Russell Wallace russell.wallace at gmail.com
Mon Sep 3 10:44:20 UTC 2007


On 9/3/07, spike <spike66 at comcast.net> wrote:
> Russell, this turns into an interesting question of autonomous manufacturing
> optimization and launching of nodes, as well as optimization of the use of
> energy from sunlight.

*nods* Well, for initial bootstrap there are other considerations; on
the one hand, you don't want the up front cost to be too big, on the
other hand there'll be mining of materials from asteroids, gas giants
etc, and the machines needed to do this efficiently will have a
certain preferred size range. In this context I'm only considering the
most efficient configuration of the final Dyson sphere.

> Imagine you have a signal you wish to transmit distance x.  You can do it
> with one transmitter and one receiver, but you could put another receiver at
> x/2, amplify the signal and retransmit another x/2 to distance x.  This way
> you actually have two transmitters, but each one requires only one fourth as
> much power as in the first case, so together they only require half as much
> power.  Now imagine three receivers and transmitters, each transmitting a
> distance x/3.  Each requires one ninth as much power, so together they
> require a third as much power as in the first case.  And so on.  Cool, huh?
> Perhaps you worked the same problem.

Ah, interesting. I don't recall having come across that one before,
and your solution makes sense when transmitter count is the only
variable being considered; but there are factors you're not taking
into account:

1. Transmitter size matters, and with fewer larger nodes you can
afford to make the transmitters bigger. A 2 meter dish at 2 megameter
range gives the same beam footprint as a 1 m dish at 1 Mm (or you can
take part of the benefit in the ability to use longer wavelength
photons, which have less energy).

2. Similarly, receiver size also matters.

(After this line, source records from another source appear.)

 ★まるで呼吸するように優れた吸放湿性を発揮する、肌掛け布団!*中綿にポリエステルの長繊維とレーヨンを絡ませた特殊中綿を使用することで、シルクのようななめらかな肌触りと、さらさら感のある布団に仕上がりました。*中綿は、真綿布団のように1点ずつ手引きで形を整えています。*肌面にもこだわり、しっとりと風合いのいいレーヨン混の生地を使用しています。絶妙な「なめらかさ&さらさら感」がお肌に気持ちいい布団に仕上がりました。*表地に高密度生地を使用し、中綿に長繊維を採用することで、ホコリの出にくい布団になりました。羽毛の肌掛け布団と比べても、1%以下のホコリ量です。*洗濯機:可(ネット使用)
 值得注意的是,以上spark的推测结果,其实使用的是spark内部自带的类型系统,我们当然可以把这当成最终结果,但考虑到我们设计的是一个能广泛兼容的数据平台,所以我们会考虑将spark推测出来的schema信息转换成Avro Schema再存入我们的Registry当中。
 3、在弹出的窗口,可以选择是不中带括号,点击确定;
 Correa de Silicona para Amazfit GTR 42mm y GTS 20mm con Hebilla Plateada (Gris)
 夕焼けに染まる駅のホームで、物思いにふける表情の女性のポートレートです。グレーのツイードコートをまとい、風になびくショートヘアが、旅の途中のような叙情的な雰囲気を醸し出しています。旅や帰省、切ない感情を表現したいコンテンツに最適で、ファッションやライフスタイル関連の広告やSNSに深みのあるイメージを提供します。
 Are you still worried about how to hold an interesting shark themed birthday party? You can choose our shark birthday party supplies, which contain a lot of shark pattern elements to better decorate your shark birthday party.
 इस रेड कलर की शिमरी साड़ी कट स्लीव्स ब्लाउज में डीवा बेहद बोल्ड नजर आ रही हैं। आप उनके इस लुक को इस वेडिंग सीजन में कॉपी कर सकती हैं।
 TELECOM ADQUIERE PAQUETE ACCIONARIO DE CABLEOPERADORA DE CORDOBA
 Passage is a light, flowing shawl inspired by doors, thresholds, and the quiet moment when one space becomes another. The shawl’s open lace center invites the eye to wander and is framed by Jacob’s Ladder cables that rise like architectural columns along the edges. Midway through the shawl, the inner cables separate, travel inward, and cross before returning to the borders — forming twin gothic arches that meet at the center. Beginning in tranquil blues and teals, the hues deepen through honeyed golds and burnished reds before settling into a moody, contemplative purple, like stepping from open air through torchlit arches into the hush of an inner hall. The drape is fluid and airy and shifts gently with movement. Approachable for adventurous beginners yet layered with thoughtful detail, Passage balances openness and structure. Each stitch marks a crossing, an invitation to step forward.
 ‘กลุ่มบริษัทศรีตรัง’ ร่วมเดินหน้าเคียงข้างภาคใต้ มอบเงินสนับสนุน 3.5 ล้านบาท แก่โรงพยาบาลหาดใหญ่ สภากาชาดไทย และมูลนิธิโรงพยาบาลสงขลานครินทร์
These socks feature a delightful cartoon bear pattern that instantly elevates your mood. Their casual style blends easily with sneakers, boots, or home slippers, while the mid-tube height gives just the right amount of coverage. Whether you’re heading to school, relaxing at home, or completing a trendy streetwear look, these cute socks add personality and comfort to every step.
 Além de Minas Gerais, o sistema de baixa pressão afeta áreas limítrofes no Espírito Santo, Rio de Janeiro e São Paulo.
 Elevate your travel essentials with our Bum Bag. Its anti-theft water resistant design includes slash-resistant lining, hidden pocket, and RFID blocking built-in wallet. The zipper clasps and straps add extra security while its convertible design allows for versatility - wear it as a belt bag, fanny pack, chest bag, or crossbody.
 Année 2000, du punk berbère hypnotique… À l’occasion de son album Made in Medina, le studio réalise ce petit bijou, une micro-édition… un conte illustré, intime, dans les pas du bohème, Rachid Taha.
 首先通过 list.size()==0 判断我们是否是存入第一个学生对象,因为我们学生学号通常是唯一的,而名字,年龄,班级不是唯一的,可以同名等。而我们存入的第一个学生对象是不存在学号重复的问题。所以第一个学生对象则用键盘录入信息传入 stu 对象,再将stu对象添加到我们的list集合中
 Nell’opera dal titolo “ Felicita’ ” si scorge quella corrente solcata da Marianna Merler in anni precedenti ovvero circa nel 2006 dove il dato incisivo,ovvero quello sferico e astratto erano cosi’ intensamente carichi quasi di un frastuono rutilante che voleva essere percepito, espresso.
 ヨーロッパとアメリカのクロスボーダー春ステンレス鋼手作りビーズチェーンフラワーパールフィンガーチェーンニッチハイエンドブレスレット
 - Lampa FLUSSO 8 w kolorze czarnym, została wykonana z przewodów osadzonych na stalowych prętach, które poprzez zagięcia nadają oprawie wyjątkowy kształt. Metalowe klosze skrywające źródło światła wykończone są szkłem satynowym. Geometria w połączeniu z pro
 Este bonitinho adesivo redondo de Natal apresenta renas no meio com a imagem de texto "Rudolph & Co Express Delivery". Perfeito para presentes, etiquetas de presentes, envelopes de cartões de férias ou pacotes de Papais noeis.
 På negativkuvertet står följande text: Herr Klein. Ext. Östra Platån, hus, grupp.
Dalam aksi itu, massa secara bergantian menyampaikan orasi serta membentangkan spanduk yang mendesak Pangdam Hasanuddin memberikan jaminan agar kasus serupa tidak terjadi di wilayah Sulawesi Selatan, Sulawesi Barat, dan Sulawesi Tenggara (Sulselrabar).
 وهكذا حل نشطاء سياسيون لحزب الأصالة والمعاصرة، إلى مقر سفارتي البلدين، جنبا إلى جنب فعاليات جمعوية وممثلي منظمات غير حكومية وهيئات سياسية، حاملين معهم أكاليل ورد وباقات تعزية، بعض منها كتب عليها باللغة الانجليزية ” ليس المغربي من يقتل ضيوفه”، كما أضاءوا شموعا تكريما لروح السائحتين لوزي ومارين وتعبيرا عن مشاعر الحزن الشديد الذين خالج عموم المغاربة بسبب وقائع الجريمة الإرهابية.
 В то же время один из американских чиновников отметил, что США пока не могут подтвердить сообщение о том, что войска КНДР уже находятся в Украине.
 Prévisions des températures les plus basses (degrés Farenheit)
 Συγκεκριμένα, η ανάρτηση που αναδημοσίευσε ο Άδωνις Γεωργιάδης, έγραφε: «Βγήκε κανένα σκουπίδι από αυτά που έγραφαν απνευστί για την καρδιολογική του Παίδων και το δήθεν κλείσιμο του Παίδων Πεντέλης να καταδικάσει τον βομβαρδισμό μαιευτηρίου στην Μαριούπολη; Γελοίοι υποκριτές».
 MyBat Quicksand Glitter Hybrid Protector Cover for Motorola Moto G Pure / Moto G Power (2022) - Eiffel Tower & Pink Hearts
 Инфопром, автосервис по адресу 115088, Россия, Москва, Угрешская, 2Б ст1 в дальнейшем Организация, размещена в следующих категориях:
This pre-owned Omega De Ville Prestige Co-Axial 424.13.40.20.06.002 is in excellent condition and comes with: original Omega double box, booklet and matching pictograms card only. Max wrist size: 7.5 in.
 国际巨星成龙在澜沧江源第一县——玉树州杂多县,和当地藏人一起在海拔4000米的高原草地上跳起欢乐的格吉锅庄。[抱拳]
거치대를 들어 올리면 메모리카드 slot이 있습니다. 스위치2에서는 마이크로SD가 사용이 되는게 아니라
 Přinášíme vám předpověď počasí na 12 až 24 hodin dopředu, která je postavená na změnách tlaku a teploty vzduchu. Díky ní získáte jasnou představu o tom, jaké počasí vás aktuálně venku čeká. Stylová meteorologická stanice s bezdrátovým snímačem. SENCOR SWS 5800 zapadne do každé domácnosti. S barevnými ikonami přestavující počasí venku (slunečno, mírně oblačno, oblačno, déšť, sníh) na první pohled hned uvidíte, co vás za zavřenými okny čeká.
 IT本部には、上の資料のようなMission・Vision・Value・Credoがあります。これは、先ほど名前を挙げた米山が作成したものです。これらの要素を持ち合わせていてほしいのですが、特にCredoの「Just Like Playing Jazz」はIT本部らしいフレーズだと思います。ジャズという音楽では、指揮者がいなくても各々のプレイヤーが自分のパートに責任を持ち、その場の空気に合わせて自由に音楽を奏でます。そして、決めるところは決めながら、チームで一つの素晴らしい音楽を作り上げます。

3. Most importantly, with big nodes you can eliminate most of the
transmitters completely, replacing them with wires that don't spill
photons into space. Alternatively you can think of this as the
ultimate limiting case of your solution: if more transmitters in the
chain are more efficient, use a wire = a chain of transmitters that
are all in contact with each other.

> As for station keeping, as the node size scales downward, gravity becomes
> less the driver and electrostatic forces ever more important.

Okay, but electrostatic isn't the only option, nor necessarily the best one.

There's photon pressure as Eugen observes - this scales down with
thickness, but doesn't care about width.

There are also magnetic forces, which are arguably easier to control
than electrostatic. These scale better to large sizes than
electrostatic does.

> My intuition tells me that building an M-brain is optimized by making the
> individual nodes as small as our technology permits.

*nods* Mine tells me it's optimized by making the nodes as large as
reasonably practical, the above being some of the reasons.